Quest considered the question. He'd had enough practice revising the definition of 'normal' in his life. "Yeah. Yeah, I'm dancing with it, trying to move with the motions of this thing, looking for new patterns, learning new steps. Feeling the beat of the music I'd never heard before. But I'm trying, sir. And Sarge is sitting it out."

"You need me, Private?" Lieutenant Robinson asked.

"Sir?"

"Do you need me to lead this mission? Or are you greenies comfortable going forth on your own?"

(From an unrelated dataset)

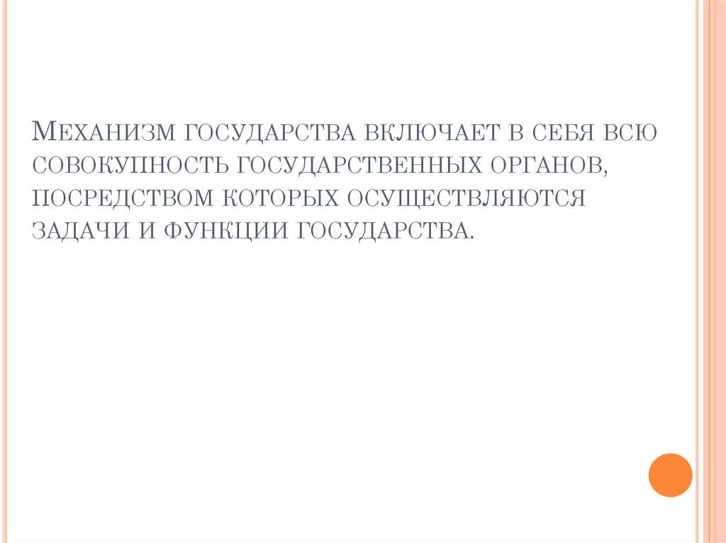 МЕХАНИЗМ ГОСУДАРСТВА ВКЛЮЧАЕТ В СЕБЯ ВСЮСОВОКУПНОСТЬ ГОСУДАРСТВЕННЫХ ОРГАНОВ,

Quest couldn't imagine how the mission into the Cathedral of the Key had gone if they hadn't been following Badia Robinson. Now they were headed to Tokyo to find someplace called the Lost City.

"I think I speak for all of us when I say we don't want to go in without you."

Fox nodded. Callie, too.

"Private Ramírez is right," Ji agreed. "We need you."

"And I need him," Lieutenant Robinson said, pointing back the way Drill had disappeared. "Drill Sergeant Cabello goes where I go. I don't go unless he goes. I'm the battleship, and he's the anchor. I won't set sail without my anchor. Are we clear?"

The way she looked at Quest and the Misfits left no room for debate or doubt. Like a wife devoted to her husband, Badia Robinson wouldn't set foot in the Lost City without Drill. He would either be her saving grace or her Achilles heel. An anchor. Quest hoped he wouldn't drag them all down.

It wasn't an order. The answer wasn't "Yes, sir!" It had been a question. They nodded. She nodded. Understood.

Lieutenant Robinson went toward the front to check on Drill.

"Think something is going on between those two?" Ji asked. "Seem tighter than an old married couple."

"A bond forged in war can be as intimate as any forged in love," Callie said.

"I never took you for a poet," Fox said.

"The boys back home said I was too pretty to be a poet. But I proved them wrong. I even know words that rhyme with 'cream puff and 'mama's boy.'"

"Noted," Fox replied, holding up his hands in surrender.

"They've been through something together. Something terrible and beautiful. And it made the lieutenant trust him with everything," Quest said. "Even our lives."